King of the Universe (Note: Sumerian: lugal kiš-ki or lugal ki-sár-ra; Akkadian: šar kiššatim, šarru kiššat māti,' or šar-kiššati;' Hebrew: melekh haolam; Greek: kosmoubasileus or kosmōkrator; Latin: rex mundi or rex universorum) is a royal title that claims complete cosmological domination. As a historical title, King of the Universe was used intermittently by powerful monarchs in ancient Mesopotamia as a title of great prestige. Equivalent titles were sometimes later used in the Greco-Roman world as honorifics for powerful rulers. The title was also applied to various deities in ancient Mesopotamian, Greek, and Roman literature. As a religious title and honorific, King of the Universe has seen continued use as a title of God and certain other figures in the Abrahamic tradition.

The etymology of the Mesopotamian title, šar kiššatim, (Note: The Mesopotamian title literally means "King of Kish". In addition to "King of the Universe", the title in its universal context has also been translated as "King of Everything", "King of the Totality", "King of All", and "King of the World".) derives from the ancient Sumerian city of Kish.
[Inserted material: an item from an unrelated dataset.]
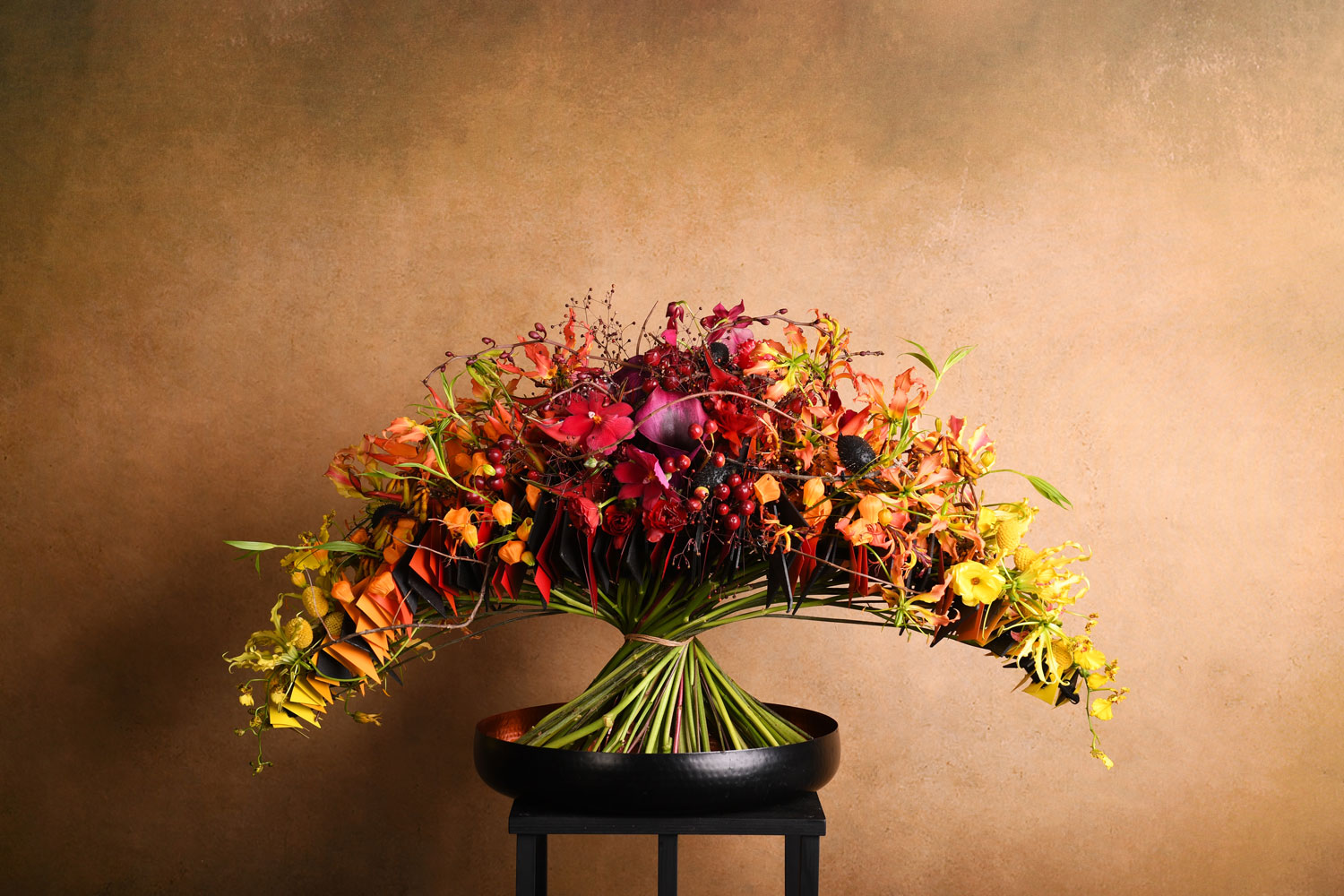 Many different flowers from calla lilies to ranunculus, hypericum and others, all chosen for their warm colors, compose this autumn-inspired design along with wires and pieces of plastic of the same hues, that form the base of the bouquet. Arranged with the spiraling method, which consists of criss-crossing the stems in the vase, the bouquet follows a color scheme that goes from lightest on the sides to darkest in the middle.

In ancient Sumer, Kish was seen as having primacy over other Mesopotamian cities and was in Sumerian legend the location where the kingship was lowered to from heaven after the legendary flood. The first ruler to use the title was Sargon of Akkad (c. 2334–2279 BC). The title continued to be used in a succession of later empires claiming symbolical descent from Sargon's Akkadian Empire. The last known ruler to assume the Mesopotamian title was the Seleucid king Antiochus I Soter (281–261 BC).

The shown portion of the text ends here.